(The Center Square) — If lawmakers want to slow the growth of the data centers in Virginia, they’ll likely have to change the tax incentive the state offers to the industry, according to a new report.
Staff from the legislative watchdog, the Joint Legislative Audit and Review Commission, presented to legislators their highly anticipated findings on the projected growth of the data center industry in Virginia and its expected impact on energy consumption, infrastructure and customer costs.
Data centers appear to be among the most contentious energy and environmental issues in the commonwealth. While they serve an essential role in modern life – housing all of the computing equipment and hardware that powers the internet, cloud computing and artificial intelligence – they’re massive, monolithic buildings that use disproportionate amounts of energy and generate a low-frequency hum that can bother nearby communities.
Northern Virginia already has the largest data center market in the world, comprising “13% of global operational capacity and 25% of capacity in the Americas,” – in part because of a strong fiber network and proximity to “the birthplace of the internet” and federal agencies, according to JLARC Project Leader Mark Gribbin.
Despite its dominant position in the global market, Virginia continues to court data centers, largely because they’ve become a “significant source of capital investment” ($24 billion in fiscal year 2023) and the local tax revenues they generate. One way it continues to attract the industry is through a sales and use tax exemption.
JLARC found that, in most cases, most of the economic benefits occur during construction. A data center’s construction can employ up to 1,500 people and use materials and resources made in Virginia. Once built, they typically employ about 50 people, though the jobs are relatively high-paying.
The commission also found that most economic benefits are concentrated in Northern Virginia.
“For relatively mature data center markets, revenues ranged from <1% to 31% of total revenues,” according to the report.
However, besides the aesthetic and noise objections from residents, the main problem data centers pose is the outsized strain they place on the grid. One hyperscale data center can use as much energy as 40,000 homes, and they’re essential to the AI boom.
To meet the unconstrained demand for data center growth in the commonwealth through 2040, Virginia would need to increase its in-state energy generation by 150% and its net imported energy by 150%, according to the commission.
The skyrocketing energy demand driven almost entirely by data centers, according to JLARC, is unprecedented.
“Virginia is experiencing the largest growth in power demand since the years following WWII. Power demand is growing more than 5% annually and will double in the next 15 years. That’s nearly 5 times more than the growth we experienced over the last 15 years,” spokesperson for Dominion Energy Aaron Ruby told The Center Square.
To meet just half of the unconstrained demand, Virginia would need to increase its in-state energy generation by 90% and its net imported energy by 55%.

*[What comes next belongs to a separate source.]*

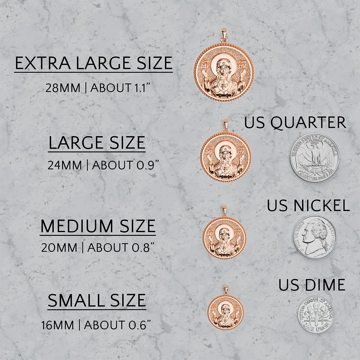 The following weights are approximate and based on 14K solid gold. As each pendant is individually handcrafted and made to order, variations in weight are to be expected. These figures are provided to offer a general reference:

Complicating matters is that Virginia codified goals for retiring fossil fuel power plants and transitioning to solely renewables by 2050 in the Virginia Clean Economy Act of 2020. However, regardless of whether the state complies with the requirements of the VCEA or decides to amend it, supplying the needed increase in energy in the allotted time frame won’t be easy, according to the commission.
“Building enough infrastructure to meet unconstrained energy demand will be very difficult to achieve, with or without meeting the Virginia Clean Economy Act requirements,” JLARC wrote in its report. “Meeting half that demand is still difficult.”
Virginia has offered an exemption to its retail sales and use tax for data centers since 2010, which will expire in 2035. Many other states offer a similar incentive to the industry, according to JLARC, and industry higher-ups have said it plays a role in their decisions of where to build new data centers.
“Data center representatives unanimously reported that expiration of the exemption would negatively affect the state’s ability to attract new data centers and keep existing ones,” the commission wrote.
As a result, JLARC provided several recommendations of ways the General Assembly could potentially balance the industry’s growth in the commonwealth with meeting energy needs in the coming years.
The General Assembly could “allow the exemption to expire only in certain regions, like Northern Virginia,” “allow the full exemption to expire in 2035 (or end it before then) and apply a partial sales tax exemption until 2050,” as well as several other ways the exemption “could be modified to address energy, natural resource, historic resource, and residential impacts.”